Tymi sposobami przechytrzysz ubezpieczyciela
1. Wpisz do dowodu rejestracyjnego swojego ojca lub kogoś z kilkuletnim doświadczeniem
Ustanowienie współwłaściciela auta pod postacią np. twojego ojca lub kogokolwiek z rodziny, kto może pochwalić się wieloletnią, bezwypadkową historią to realna oszczędność w portfelu każdego młodego kierowcy.
Nie jest to jednak rozwiązanie bez wad, bo jeśli spowodujesz zdarzenie drogowe, nie tylko ty, ale i współwłaścicielowi twojego auta ubezpieczyciel obniży zniżki w kolejnym okresie rozliczeniowym.
2. Za polisę ubezpieczeniową OC zapłać z góry za cały okres rozliczeniowy
Jeśli myślisz, że rozłożenie płatności OC na 2 raty półroczne albo 4 kwartalne to dobry pomysł, jesteś w błędzie. Im więcej rat, tym wyższy koszt polisy OC w ogólnym rozrachunku.
– Rachunek za OC rozłożony na kilka etapów jest na ogół o 10-15% wyższy niż, gdybyś zdecydował się na płatność za 12 miesięcy. Przy kwotach rzędu 400 złotych jest to co prawda zaledwie 40-60 złotych, ale gdybyś miał do zapłaty 800 złotych, to kwota 80-120 złotych będzie już odczuwalna – czytamy w serwisie OC Comperia »
3. Skorzystaj z produktów uzupełniających ubezpieczyciela
Pamiętaj, że jeśli wykupisz ubezpieczenie NNW, polisę na mieszkanie, AC i OC na samochód w jednym towarzystwie, przysługują ci preferencyjne warunki.

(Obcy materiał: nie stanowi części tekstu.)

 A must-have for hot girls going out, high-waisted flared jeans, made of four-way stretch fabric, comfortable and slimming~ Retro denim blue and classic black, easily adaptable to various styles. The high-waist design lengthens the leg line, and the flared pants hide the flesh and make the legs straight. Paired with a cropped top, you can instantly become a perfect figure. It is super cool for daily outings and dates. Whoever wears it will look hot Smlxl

Oczywiście nie namawiamy cię na podpisywanie polis, których i tak nie wykorzystasz, ale ze swoimi dotychczasowymi pakietami ubezpieczeniowymi możesz przenieść się do jednej firmy. Pamiętaj też, że nawet jeśli nie wynika to bezpośrednio z umowy, warunki zawsze możesz negocjować.

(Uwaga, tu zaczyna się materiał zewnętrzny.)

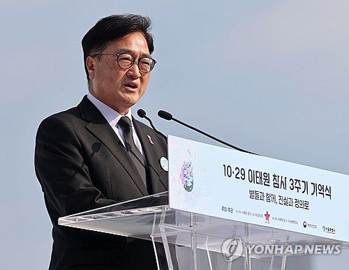 (서울=연합뉴스) 류영석 기자 = 우원식 국회의장이 29일 서울 광화문광장에서 열린 10.29 이태원 참사 3주기 기억식에서 추모사를 하고 있다. 2025.10.29

4. Zmień auto na takie, którego rzeczywiście potrzebujesz
Jeździsz tylko po mieście, a i tak zdecydowałeś się na 10-letniego Nissana 350Z z 3-litrową jednostką benzynową pod maską? Zawsze możesz zmienić swoje dotychczasowe auto na coś bardziej praktycznego o mniejszej pojemności i wartości.
-
A jaki jest twój sposób na niższe OC, którego zabrakło w naszym zestawieniu?